What you need to do:
Only text lines belong in the answer: the lines from the first one in the records through the line with "Нами была изготовлена", copied exactly.

Stored dataset items:
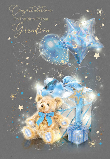 New Baby Grandson Birth Congratulations Luxury Gold Foiled Greeting Card
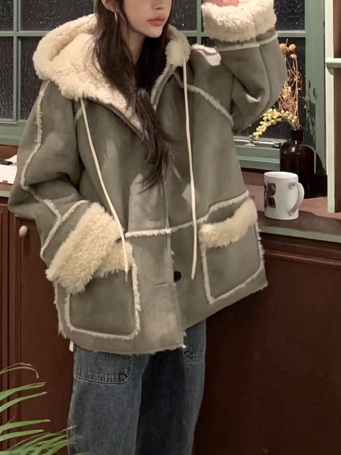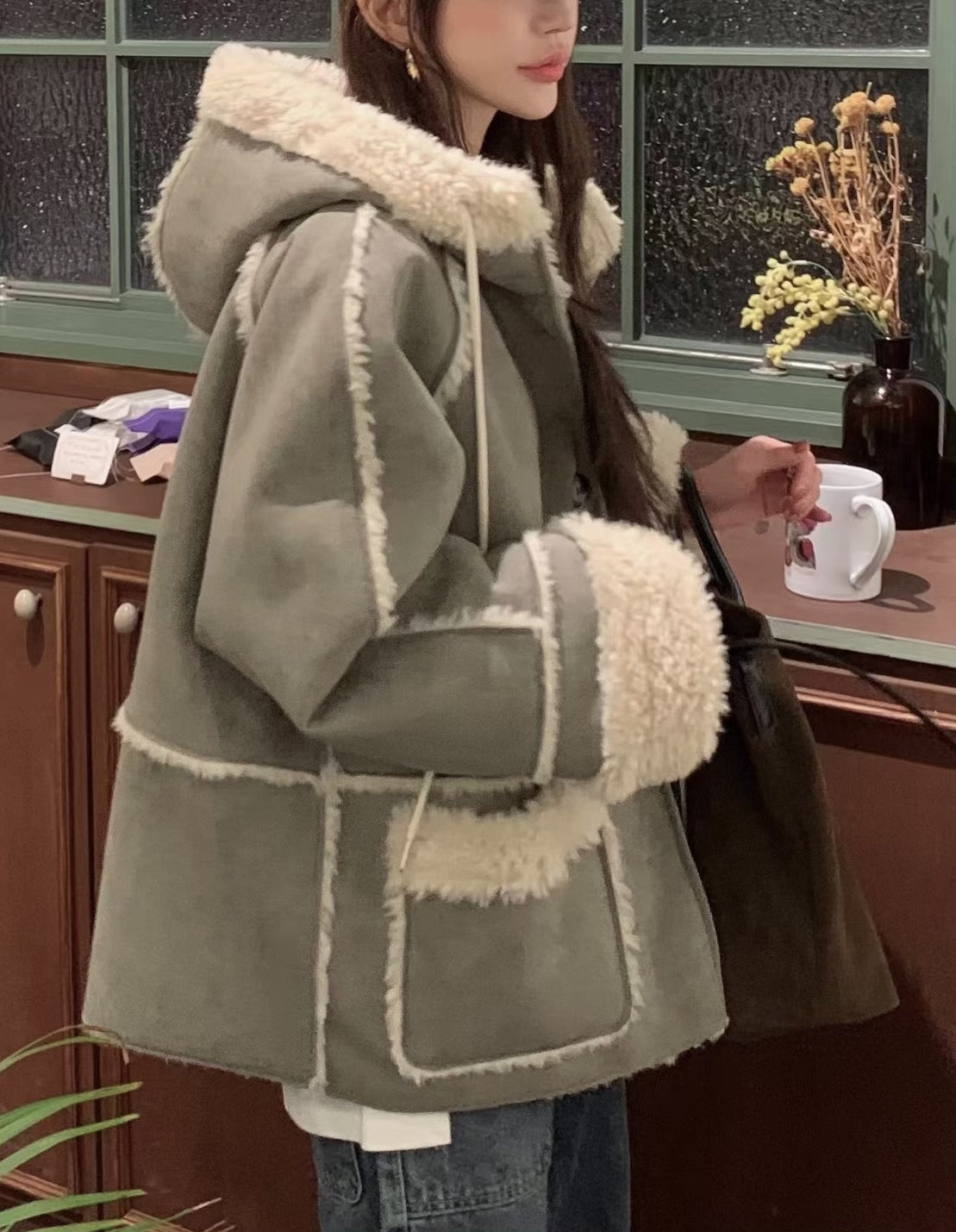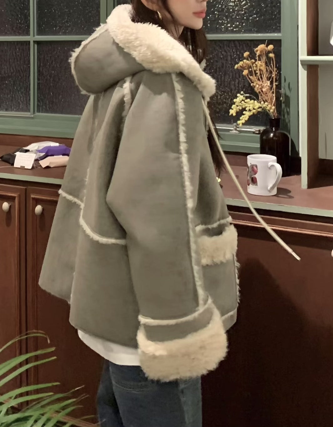 フードデザインが裏ボアの存在感を引き立たせてくれ、顔周りを華やかに見せてくれます。
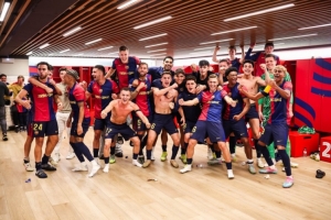 巴萨球员赛后在更衣室庆祝胜利,《世界体育报》更新社媒动态,晒出球员们在更衣室的合照。
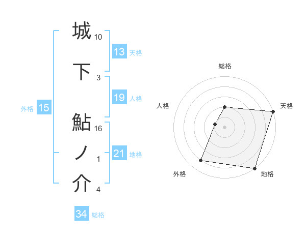 城下 鮎ノ介さんを姓名の画数から五運を鑑定
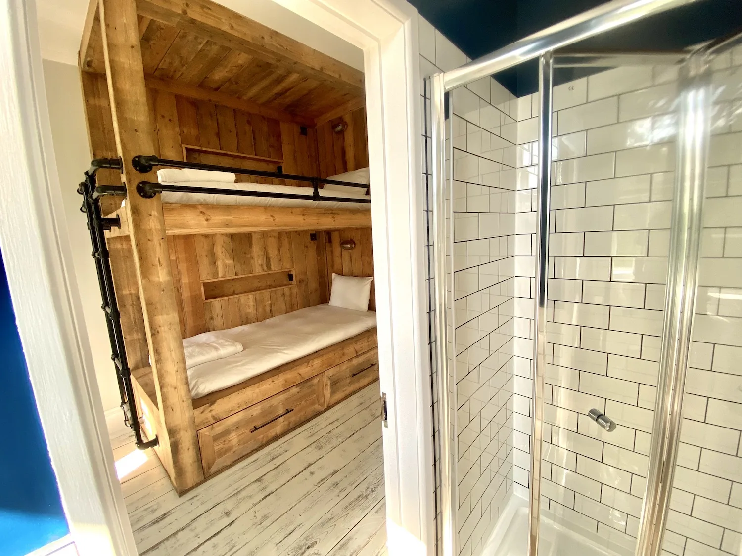 All eight bedrooms are en-suite with king-size beds, and one is on the ground floor, making it great for less able guests. There’s also a ground-floor sauna with en-suite shower and bath, plus a separate toilet in the porch.
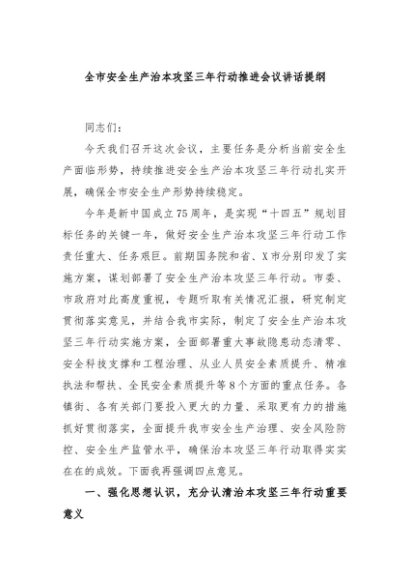 / 【七哥公文】2024年:全市安全生产治本攻坚三年行动推进会议讲话提纲+更多免费公文+VX:QiGeGongWen2024
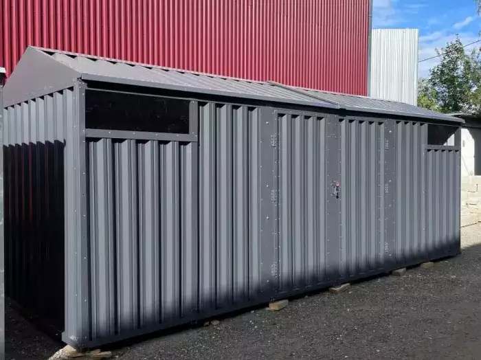Нами была изготовлена 4-метровая секционная конструкция с плоской крышей и торцевой воротной группой в блестящем цинковом цвете.
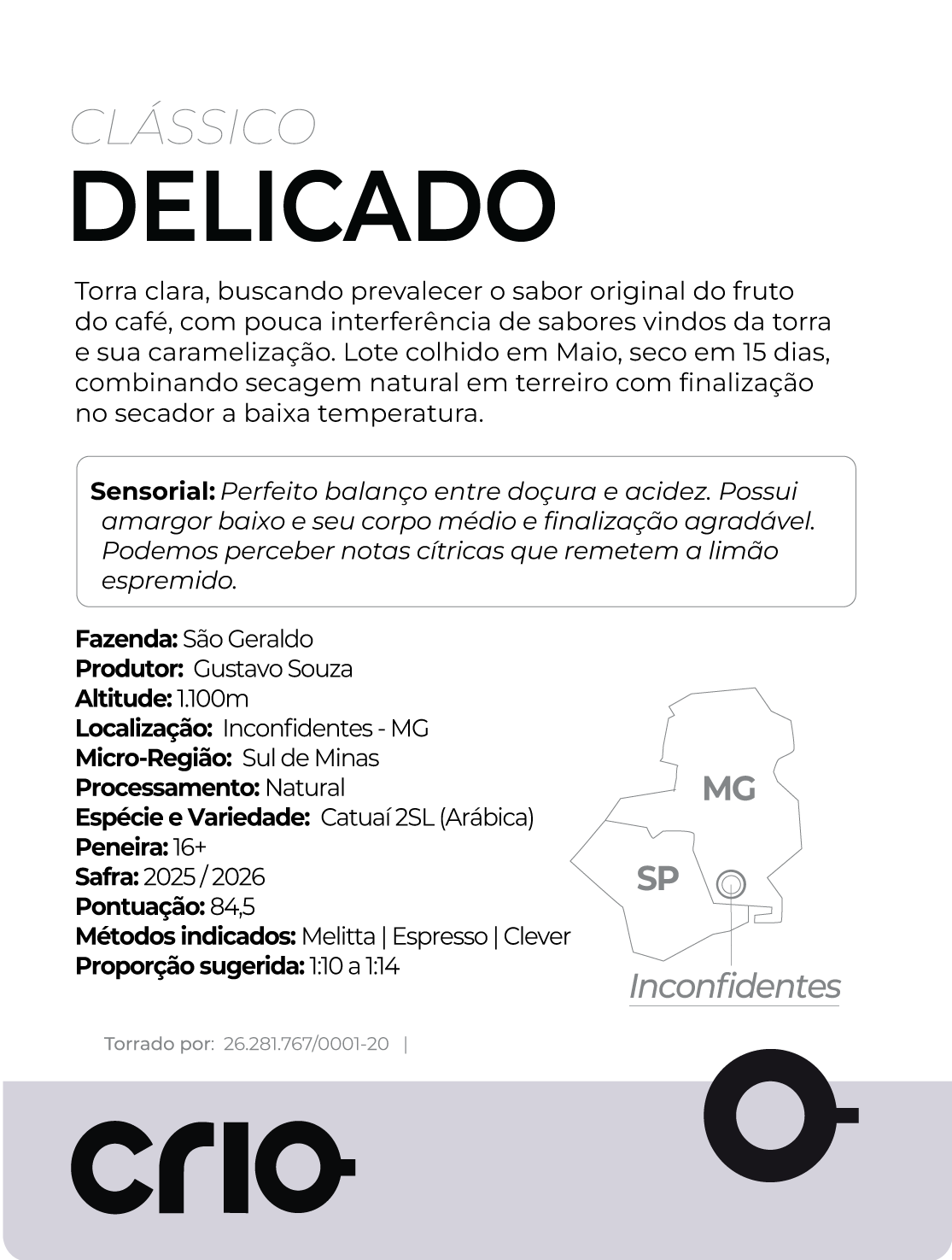 Torra clara, buscando prevalecer o sabor original do fruto do café, com pouca interferência de sabores vindos da torra e sua caramelização. Lote colhido em Maio, seco em 15 dias, combinando secagem natural em terreiro com finalização no secador a baixa temperatura.
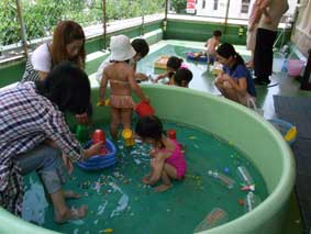 Pre-pre Schoolは、四月より一人、また一人とお友達が増えて、現在10組(子ども達は11名、双子ちゃんがおられます)の親子で活動しています。週三回(火・木・金曜日)10時〜11時半まで、「今日は、何して遊ぼうかな?」「今日は、どんな事をするのかな?」みんな、雨空の日も元気一杯に来てくれています。6月17日からは、幼稚園の中屋上にてプール(水遊び)が始まり、水着姿がまた何とも可愛らしいです。子ども達は、ぴちゃぴちゃと水の感触を楽しみ、またお母様方は、そんな楽しく遊ぶ子ども達の側に寄り添い一緒に遊んでおられます。我が子だけでなく同じクラスのお友達の遊ぶ姿から、成長を感じ取ったり、同じ年齢のお子さんをお持ちになる母として、様々な情報交換の場としてお互いに話を交わされ、とても有意義な時間を過ごしておられるのではないかと思っています。そして、自由遊びの後は(プールでも)お片付けの時間です。しっかりみんなでお片付けをしてから、排泄・手洗いも済ませ、みんなお椅子を先生の前に並べて、お名前を呼んでもらいます(出欠確認)。最初は恥ずかしくて手をあげるのが精一杯だったお友達が、ある日ある時「はい!」と手をあげてお返事出来た瞬間には、自然とみんなから拍手、そして「すごいね〜」「うわぁ〜おりこうさん!」等々、沢山のお褒めの言葉が飛び交います。とても嬉しい瞬間です。そして、「おはよう」のお歌をピアノに合わせて歌い、お祈りもします。その後は毎回お楽しみの先生による絵本の読み聞かせ。その日の活動や、時節に合わせた絵本(紙芝居)を毎回一冊、みんなお椅子にちょこんと座って最後まで釘付けです。お母さんのお膝の上で読んでもらう絵本も大好きだけど、幼稚園ではまた一味違います。集団の中で集中して見聞きする経験がこれから先に繋がっていく事をひしひしと感じます。また、毎回その日の主活動も季節や子ども達の成長・発達、『今だからこそ、この時期に、親子でさせてあげたい事』を設定し、製作・リズム遊び・運動遊び・表現遊び・等々、その日によって異なります。ただ製作といっても「作って出来上がり!よかったね〜」だけの事ではなく、手先の巧緻性を意識したり、色や数の概念を意識したもの、今の季節に合わせ、子ども達が自然に親しめるきっかけになって欲しいと願いが込められたもの等、思いは沢山あります。親子教室ならでは!・・共に感じ・共に取り組める場を得て、また、子ども達への援助の方法を知って頂ける機会となっているところです。よくお母様方から活動中に、「そうなんだ〜」「そうしたらいいんだ〜」「なるほど!」といった嬉しい囁きが聞こえてきます。
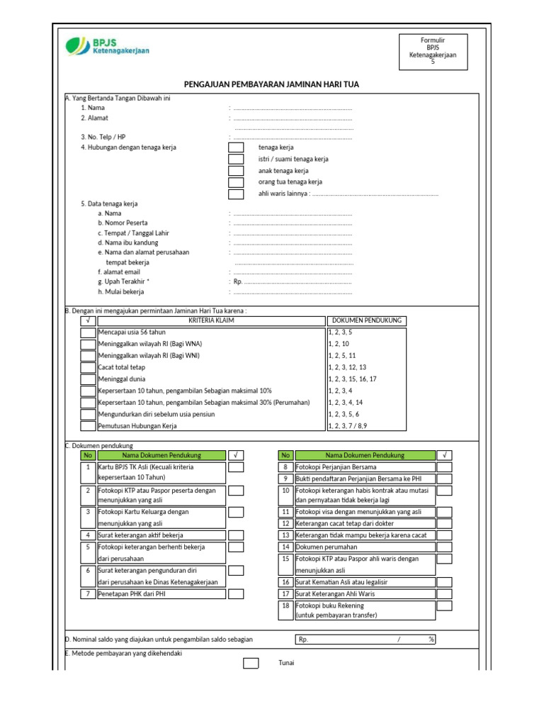 Selain harus rela antri lama beberapa kantor bpjs ketenagakerjaan akan menerapkan sejumlah kebijakan yang harus dipenuhi seperti legalisir formulir dan lain lain. Dengan adanya jaminan kecelakaan kerja ini nantinya tenaga kerja akan mendapat sebuah kompensasi serta tahap penyembuhan bagi tenaga. Layanan e klaim adalah sebuah layanan yang bekerja untuk membantu tenaga kerja peserta bpjs yang ingin mencairkan dana yang tersimpan di dalam kpj mereka sehubungan dengan beberapa kepentingan seperti untuk. Formulir kendali pengajuan klaim jaminan kematian.
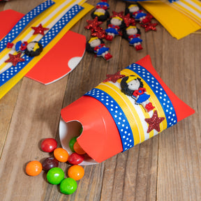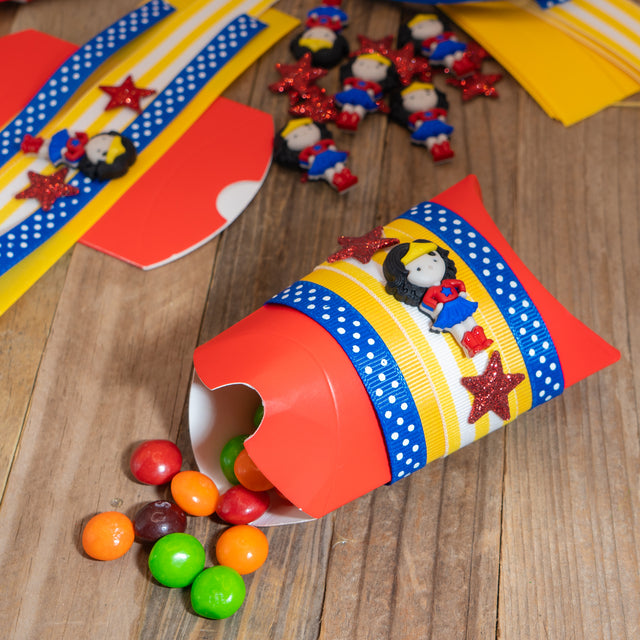 Inside, you’ll find everything you need to create powerful party favors: super-themed decorations, colorful ribbon, and 6 easy-to-assemble pillow boxes. Just add your favorite treats, stickers, or mighty little surprises, and let the celebration soar!
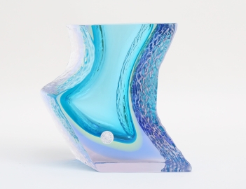 tjockväggigt glas i blå och turkosa toner, etikettmärkt, höjd 16,5
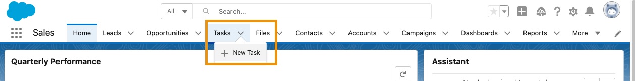 Create new tasks from the navigation bar
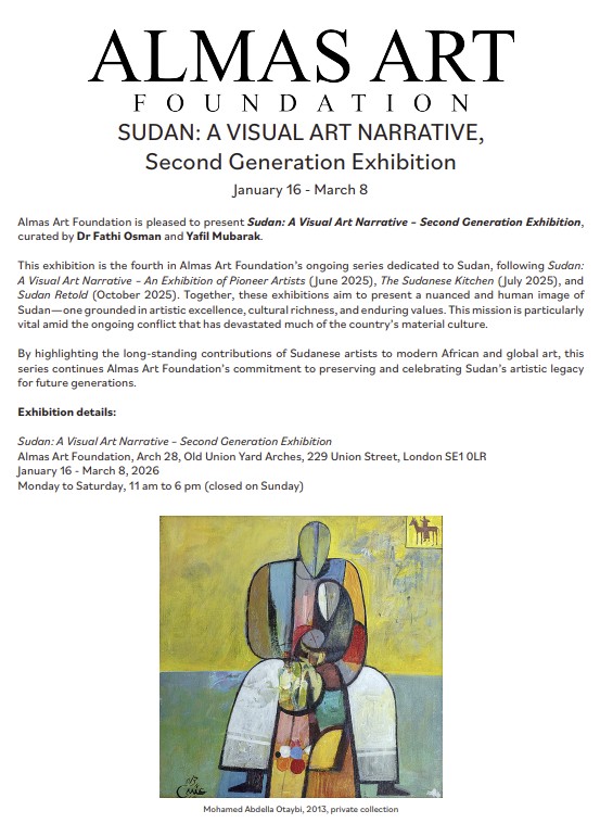 Second Generation part II of Sudan: A visual Art Narrative, curated by Dr. Fathi Osman and Yafil Mubarak at the Almas Art Foundation. A historical collective of the second generation of artists in Sudan. Ongoing until March 8th 2026.

Completed task:
 New Baby Grandson Birth Congratulations Luxury Gold Foiled Greeting Card
 フードデザインが裏ボアの存在感を引き立たせてくれ、顔周りを華やかに見せてくれます。
 巴萨球员赛后在更衣室庆祝胜利,《世界体育报》更新社媒动态,晒出球员们在更衣室的合照。
 城下 鮎ノ介さんを姓名の画数から五運を鑑定
 All eight bedrooms are en-suite with king-size beds, and one is on the ground floor, making it great for less able guests. There’s also a ground-floor sauna with en-suite shower and bath, plus a separate toilet in the porch.
 / 【七哥公文】2024年:全市安全生产治本攻坚三年行动推进会议讲话提纲+更多免费公文+VX:QiGeGongWen2024
Нами была изготовлена 4-метровая секционная конструкция с плоской крышей и торцевой воротной группой в блестящем цинковом цвете.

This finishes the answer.